[Opening Information given section]

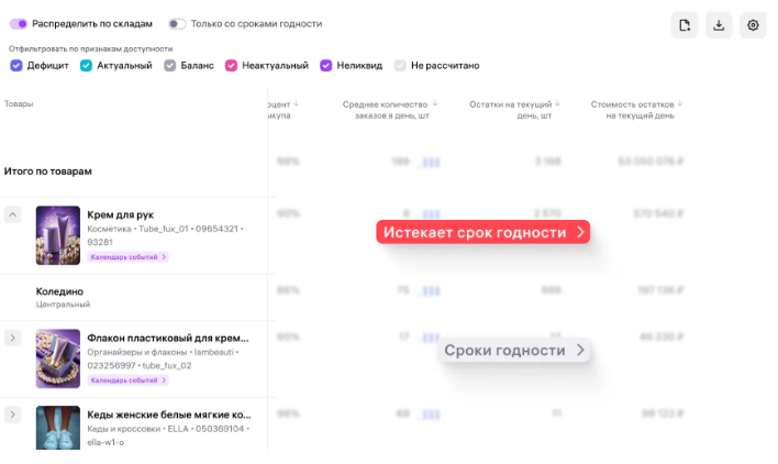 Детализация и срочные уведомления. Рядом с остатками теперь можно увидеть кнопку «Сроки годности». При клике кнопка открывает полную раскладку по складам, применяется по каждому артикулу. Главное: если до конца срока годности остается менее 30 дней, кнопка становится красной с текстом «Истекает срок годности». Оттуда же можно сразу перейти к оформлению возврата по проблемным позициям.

[Closing Information given section]
[Opening Information given section]

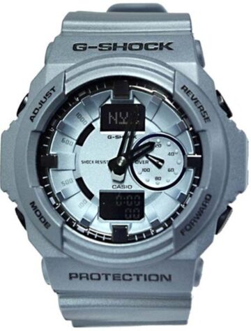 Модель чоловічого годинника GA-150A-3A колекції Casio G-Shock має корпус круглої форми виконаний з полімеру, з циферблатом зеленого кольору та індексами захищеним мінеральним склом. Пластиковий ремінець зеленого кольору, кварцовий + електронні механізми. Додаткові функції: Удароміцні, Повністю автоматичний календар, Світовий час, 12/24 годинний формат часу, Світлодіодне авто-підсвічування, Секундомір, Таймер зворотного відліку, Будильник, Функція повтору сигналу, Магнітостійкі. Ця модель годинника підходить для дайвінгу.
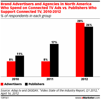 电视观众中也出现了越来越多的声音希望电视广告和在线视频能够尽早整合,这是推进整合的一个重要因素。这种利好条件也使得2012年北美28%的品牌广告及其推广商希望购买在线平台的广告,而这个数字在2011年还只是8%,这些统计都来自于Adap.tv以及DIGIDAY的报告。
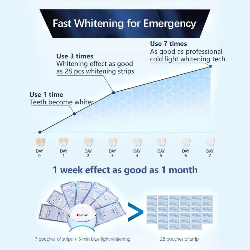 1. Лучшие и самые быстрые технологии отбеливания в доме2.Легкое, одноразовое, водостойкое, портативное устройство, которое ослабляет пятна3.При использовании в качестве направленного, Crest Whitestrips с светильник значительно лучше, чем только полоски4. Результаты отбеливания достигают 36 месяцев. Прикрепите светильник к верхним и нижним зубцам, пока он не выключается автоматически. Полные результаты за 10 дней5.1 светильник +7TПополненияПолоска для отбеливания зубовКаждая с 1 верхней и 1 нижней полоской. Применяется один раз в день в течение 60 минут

[Closing Information given section]
[Opening Information given section]

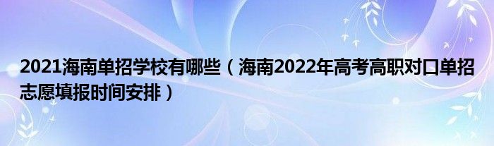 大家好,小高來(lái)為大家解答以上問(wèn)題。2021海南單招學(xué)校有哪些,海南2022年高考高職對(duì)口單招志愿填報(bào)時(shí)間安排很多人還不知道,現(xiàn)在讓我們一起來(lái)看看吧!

[Closing Information given section]

__Problem to solve__:
What you return must match, character for character, the lines above from the one with "Модель чоловічого годинника" through the one with "1. Лучшие и", minus any pictures.

__Expected answer__:
 Модель чоловічого годинника GA-150A-3A колекції Casio G-Shock має корпус круглої форми виконаний з полімеру, з циферблатом зеленого кольору та індексами захищеним мінеральним склом. Пластиковий ремінець зеленого кольору, кварцовий + електронні механізми. Додаткові функції: Удароміцні, Повністю автоматичний календар, Світовий час, 12/24 годинний формат часу, Світлодіодне авто-підсвічування, Секундомір, Таймер зворотного відліку, Будильник, Функція повтору сигналу, Магнітостійкі. Ця модель годинника підходить для дайвінгу.
 电视观众中也出现了越来越多的声音希望电视广告和在线视频能够尽早整合,这是推进整合的一个重要因素。这种利好条件也使得2012年北美28%的品牌广告及其推广商希望购买在线平台的广告,而这个数字在2011年还只是8%,这些统计都来自于Adap.tv以及DIGIDAY的报告。
 1. Лучшие и самые быстрые технологии отбеливания в доме2.Легкое, одноразовое, водостойкое, портативное устройство, которое ослабляет пятна3.При использовании в качестве направленного, Crest Whitestrips с светильник значительно лучше, чем только полоски4. Результаты отбеливания достигают 36 месяцев. Прикрепите светильник к верхним и нижним зубцам, пока он не выключается автоматически. Полные результаты за 10 дней5.1 светильник +7TПополненияПолоска для отбеливания зубовКаждая с 1 верхней и 1 нижней полоской. Применяется один раз в день в течение 60 минут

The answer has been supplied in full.